▸ Records for processing:
● ● ● ●
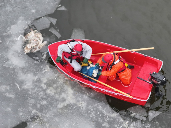 z lodu. Wykorzystywano łódź ratowniczą, sanie lodowe oraz bezzałogowy statek powietrzny. Działania trwały ponad trzy godziny. Na miejscu obecni byli także przedstawiciele Państwowego Gospodarstwa Wodnego Wody Polskie oraz Społecznej Straży Rybackiej. Zebrane ptaki zostały zabezpieczone przez weterynarię. Jak wynika z wcześniejszych doniesień, badania laboratoryjne potwierdziły obecność wysoce zjadliwej grypy ptaków podtypu H5. Choroba została stwierdzona u padłych łabędzi znalezionych wcześniej.
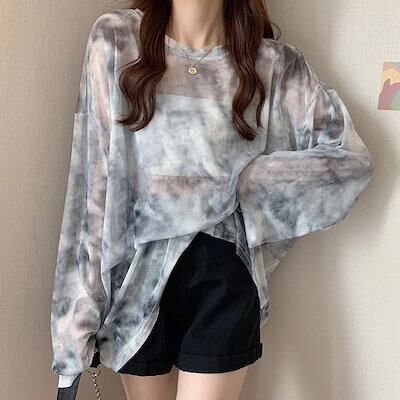 2024 夏 韓国 tシャツ ファッション トップス 薄手 韓国系 長袖 フィット シルエット プリント レイヤード 重ね着 肌見せ 女っぽハイフレンチタイト丈サイズ レディース T
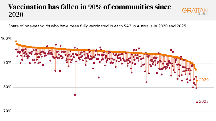 But Australia’s vaccine success is quickly slipping away. After the pandemic, the share of one-year-olds who are fully vaccinated kept falling. In some areas, it’s now barely 80%.
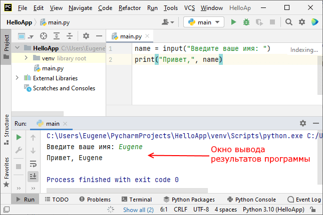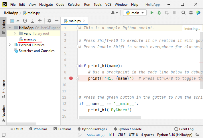 Енді ең қарапайым бағдарламаны құрайық. Ол үшін main.py файлының кодын келесідей өзгертейік:
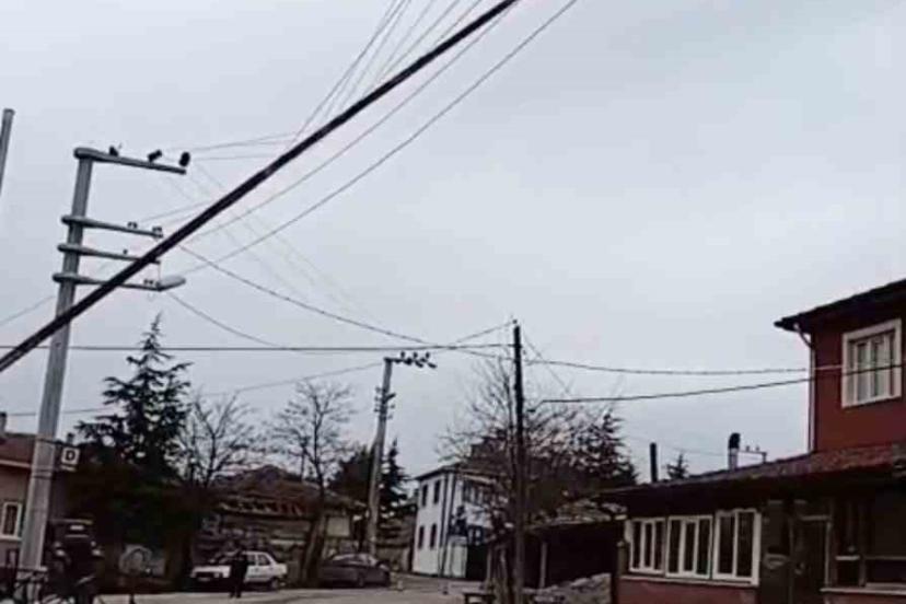 Eskişehir’in Seyitgazi ilçesinde fırtınanın etkisiyle devrilen 30 metrelik bayrak direği, elektrik tellerine çarparak büyük tehlike oluşturdu.
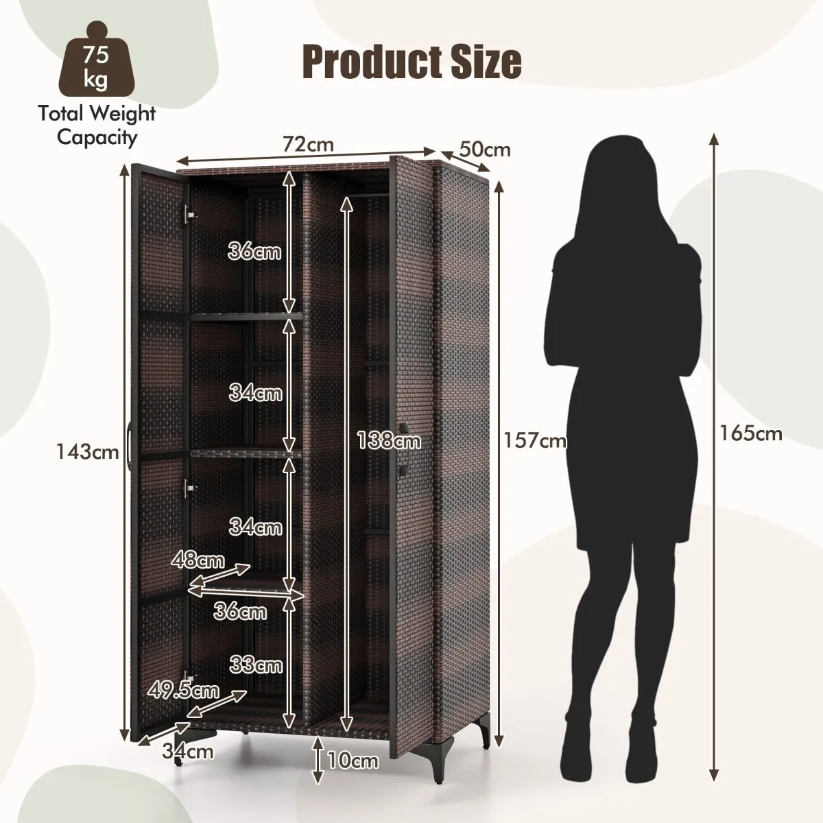 - Productafmetingen: 72 x 50 x 157 cm (L x B x H)
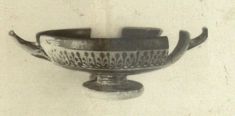 | Description: | Mended from eight pieces. Base and one handle complete; portions of bowl missing. Handle zone decorated with palmettes. Below handle zone a narrow reserved band. Reserved otherwise: outside and narrow resting surface of foot and center underside within foot; narrow band just inside rim and center with circle and dot. Moulded ring around short stem. | |
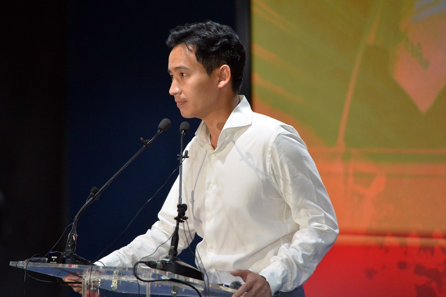 Pita Limjaroenrat, the prime minister candidate from the Move Forward Party of Thailand, attends a press conference at the Move Forward Party headquarters, in Bangkok, Thailand, May 14, 2023.(Xinhua/Rachen Sageamsak)
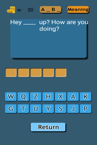 Slang Words Game - Part 1, an intermediate level word game consisting of various slang, informal and trendy words along with idioms, sayings, and expressions for you to solve. Simply guess the missing word and just keep in mind that the word should be a slang, so think informally.
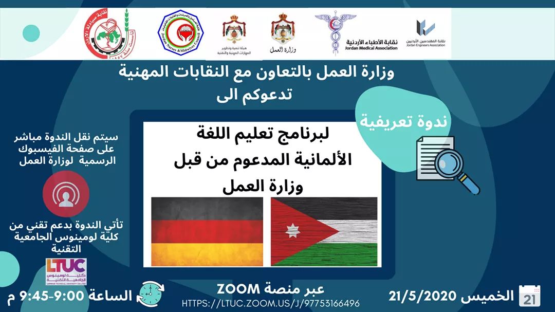 تدعوكم وزارة العمل وبالتعاون مع هيئة تنمية وتطوير المهارات المهنية والتقنية والنقابات المهنية الى ندوة تعريفية لبرنامج تعلم اللغة الالمانية يوم الخميس الموافق 21 / 05 / 2020 الساعة 9:00 الى الساعة 9:45 بحضور وزير العمل نضال فيصل البطاينه و نقباء كل من نقابة المهندسين الأردنيين ونقابة الأطباء الاردنية ونقابة الصيادلة الأردنية ونقابة الممرضين والممرضات والقابلات القانونيات.
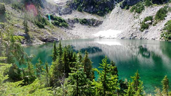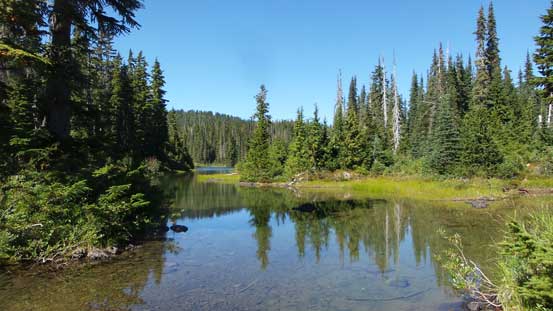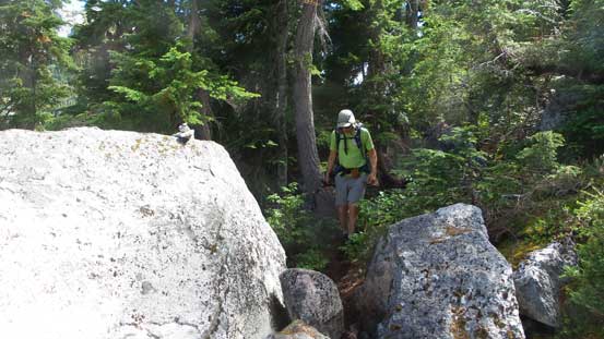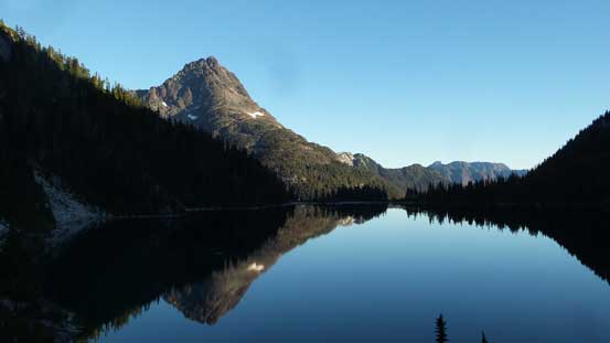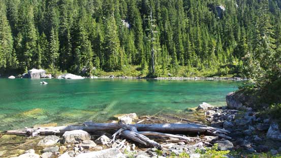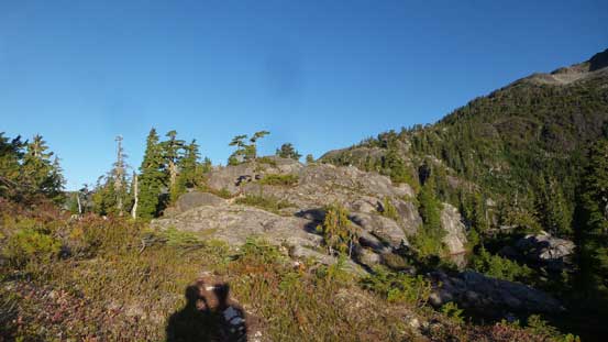 Back to camp I was totally beat but the good news, none of us was in the mood of moving camp. That meant we could have a pretty relaxed evening but then the 4th day would be a long death-march all the way back to the parking lot. The deal was made and then sleep came fairly easily although the temperature was still hot. The morning of Day 4 saw us departing at just after sunrise. Right off the bat we had to face that 300-meter descent to Schjelderup Lake which got our knees a good work out. And then there came the two consecutive unpleasant lake shore traverses, another 50 meters of plunge down Carter Lake’s outflow and then the 300-meter forested slog back to the 1350-meter saddle. Thank to the “alpine start” we had the pleasure to do this whole stage in the absence of sun beams.
● ● ● ●
All lines from the one containing "تدعوكم وزارة العمل" through the final line of the entries above are to be copied exactly; the pictures are not.

 تدعوكم وزارة العمل وبالتعاون مع هيئة تنمية وتطوير المهارات المهنية والتقنية والنقابات المهنية الى ندوة تعريفية لبرنامج تعلم اللغة الالمانية يوم الخميس الموافق 21 / 05 / 2020 الساعة 9:00 الى الساعة 9:45 بحضور وزير العمل نضال فيصل البطاينه و نقباء كل من نقابة المهندسين الأردنيين ونقابة الأطباء الاردنية ونقابة الصيادلة الأردنية ونقابة الممرضين والممرضات والقابلات القانونيات.
 Back to camp I was totally beat but the good news, none of us was in the mood of moving camp. That meant we could have a pretty relaxed evening but then the 4th day would be a long death-march all the way back to the parking lot. The deal was made and then sleep came fairly easily although the temperature was still hot. The morning of Day 4 saw us departing at just after sunrise. Right off the bat we had to face that 300-meter descent to Schjelderup Lake which got our knees a good work out. And then there came the two consecutive unpleasant lake shore traverses, another 50 meters of plunge down Carter Lake’s outflow and then the 300-meter forested slog back to the 1350-meter saddle. Thank to the “alpine start” we had the pleasure to do this whole stage in the absence of sun beams.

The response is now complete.